• **EXERCISE**
Reproduce the listing below word for word and exclude any picture.

[INFORMATION PROVIDED Boundary: Start]

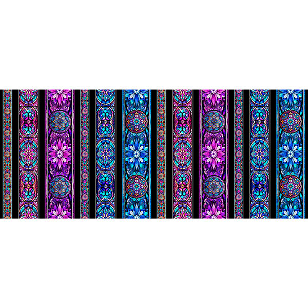 Vivid, striking color and motifs bring an almost ethereal quality to these fabrics that almost glow. Patch panels and a large butterfly panel star and are supported with a stained-glass stripe sure to wow. Paired with a low volume scroll, there are many ways to make dynamic projects. ©Morris Creative Group.
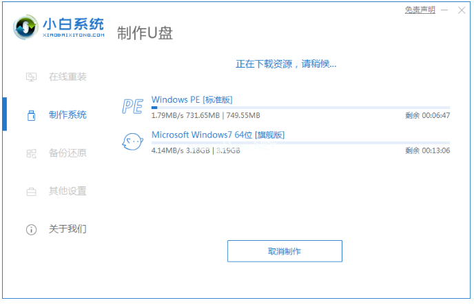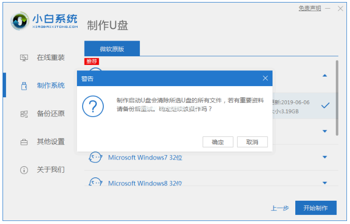2、選擇windows7系統(tǒng)之后,點(diǎn)擊開(kāi)始制作。
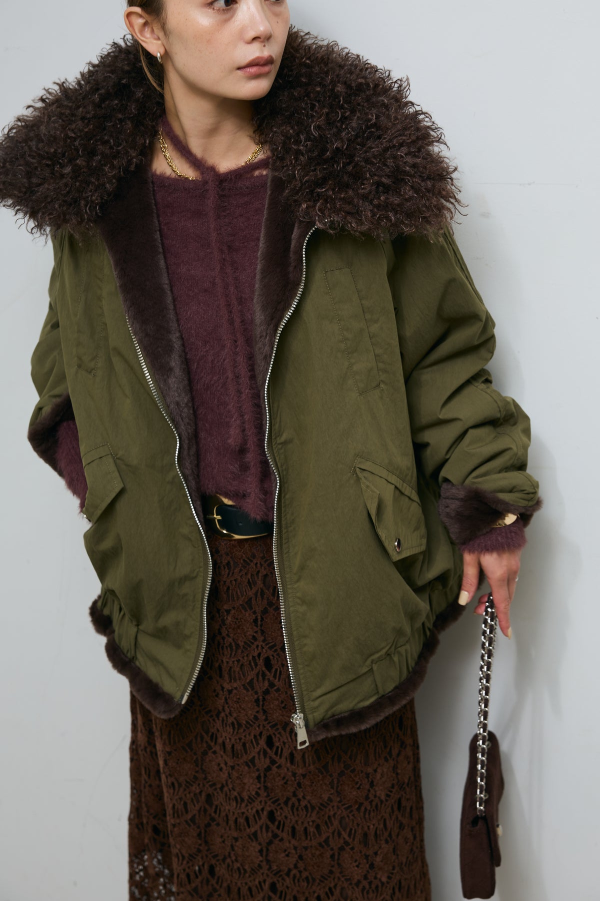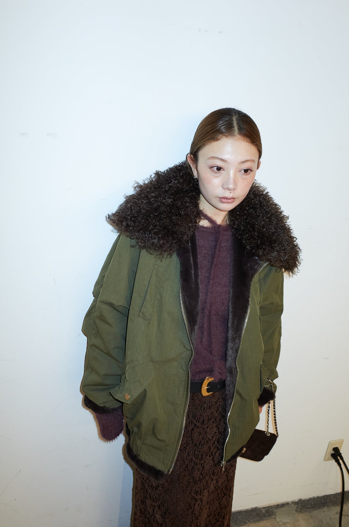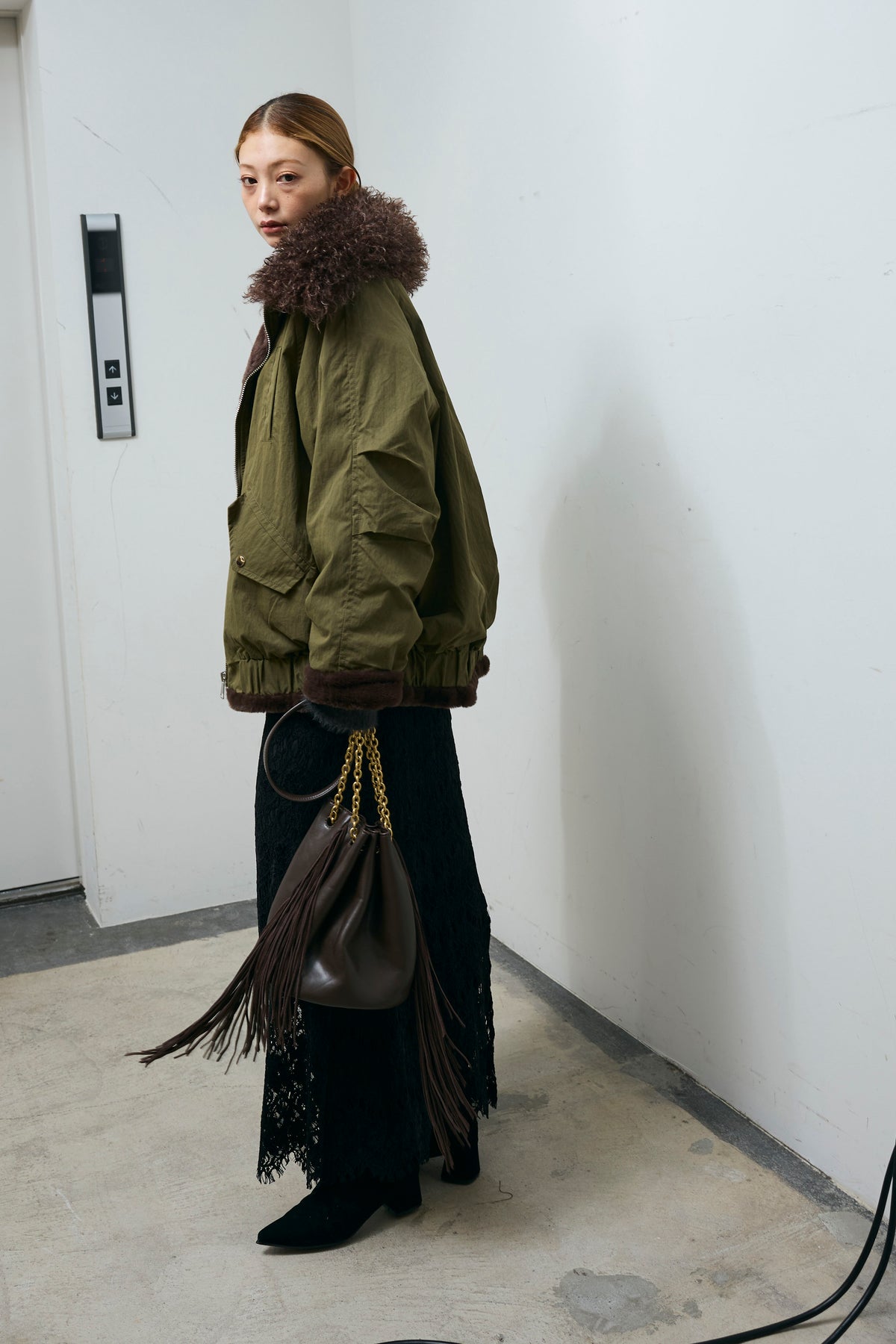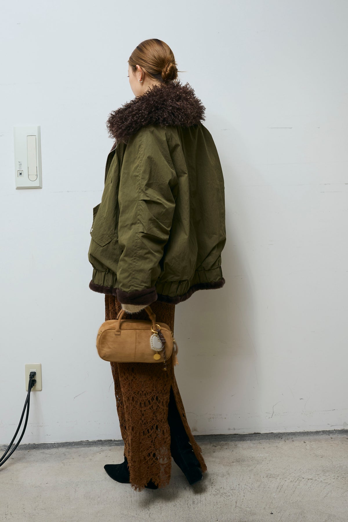 [予約/SET]ボア襟ジップブルゾン+レース刺繍ロングスカート(2set)

[INFORMATION PROVIDED Boundary: End]

• **RESPONSE TO THIS EXERCISE**
 Vivid, striking color and motifs bring an almost ethereal quality to these fabrics that almost glow. Patch panels and a large butterfly panel star and are supported with a stained-glass stripe sure to wow. Paired with a low volume scroll, there are many ways to make dynamic projects. ©Morris Creative Group.
2、選擇windows7系統(tǒng)之后,點(diǎn)擊開(kāi)始制作。
 [予約/SET]ボア襟ジップブルゾン+レース刺繍ロングスカート(2set)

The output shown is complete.